Archive for December, 2010

Reading video frame by frame with ffmpeg

Tuesday, December 28th, 2010

So I’ve been playing around with scene detection. It’s really more of a NIH task that I’m doing for my own amusement than it is a serious tool I expect to be used, but it’s a good way to expand my knowledge of video and I have a few good ideas which don’t seem to have been used before, so it’s crazy but it Just Might Work.

One of the things I need to do for scene detection is read a video frame by frame and compare subsequent frames. My initial hacked use ffmpeg to turn the video into a sequence of images on disk, ran through them as they were generated them and deleted old ones.

As you can probably imagine this was slow, cumbersome and remarkably hard to get right.

“Oh, hey” thought I. “ffmpeg makes all this stuff available as libraries: libavformat and libavcodec.
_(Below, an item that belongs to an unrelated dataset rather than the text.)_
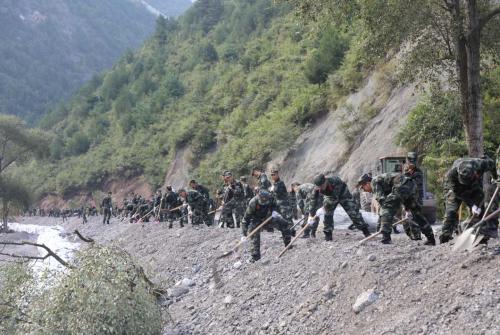 截止8月30日,任務(wù)部隊(duì)已經(jīng)在舟曲縣莫洛村、鐵壩村、舟曲縣藏族中學(xué)、X422縣道4個(gè)任務(wù)區(qū)展開(kāi)搶險(xiǎn)救災(zāi)行動(dòng),累計(jì)清理路面4650米,加固堤壩900米,疏通清理河道300米,清理房屋19間,清理淤泥532立方米,清理操場(chǎng)200平方米,搶通道路25米。

That will let me do this efficiently!”.

So I started playing around with examples and reading through the documentation. Excuse me, did I say documentation? I meant header files.

Oh.
My.
God.

I mean no (large amount of) disrespect to the authors when I say this: They have created a piece of software which, by and large, works very well. And I’m sure that a lot of the complexity of the API is essential rather than accidental if you’re, say, writing a video player rather than a dumb frame processor.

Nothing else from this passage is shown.